How to complete this task
Repeat the data in full and exactly. Leave the pictures out.

Data extract

▽

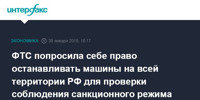 Москва. 30 января. INTERFAX.RU – Федеральная таможенная служба просит предоставить ей право останавливать машины на всей территории России для проверки соблюдения санкционного режима, следует из уведомления, опубликованного в пятницу на едином портале.
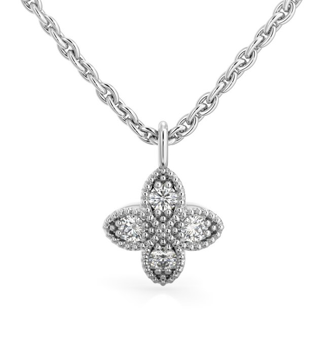 The pendant is available in either 14 or 18 karat white gold, with yellow and rose gold versions and matching earrings also available. The pendant chain is sold separately.
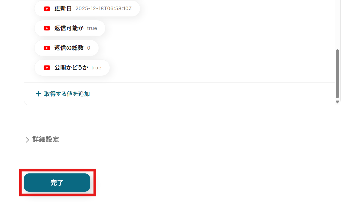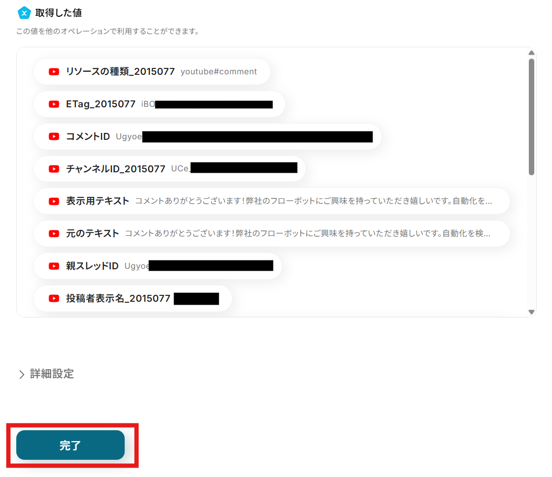 テストが成功するとテスト成功画面と取得した値が表示され、YouTubeのコメントが確認できます。「完了」をクリックして設定完了です!
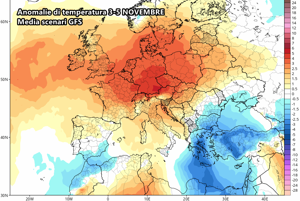 Anche le temperature risentirebbero inevitabilmente dell’anticiclone disteso su più di mezza Europa. Le anomalie più pesanti al momento sono previste tra Francia, Germania e Polonia:

△

Task output
 Москва. 30 января. INTERFAX.RU – Федеральная таможенная служба просит предоставить ей право останавливать машины на всей территории России для проверки соблюдения санкционного режима, следует из уведомления, опубликованного в пятницу на едином портале.
 The pendant is available in either 14 or 18 karat white gold, with yellow and rose gold versions and matching earrings also available. The pendant chain is sold separately.
 テストが成功するとテスト成功画面と取得した値が表示され、YouTubeのコメントが確認できます。「完了」をクリックして設定完了です!
 Anche le temperature risentirebbero inevitabilmente dell’anticiclone disteso su più di mezza Europa. Le anomalie più pesanti al momento sono previste tra Francia, Germania e Polonia:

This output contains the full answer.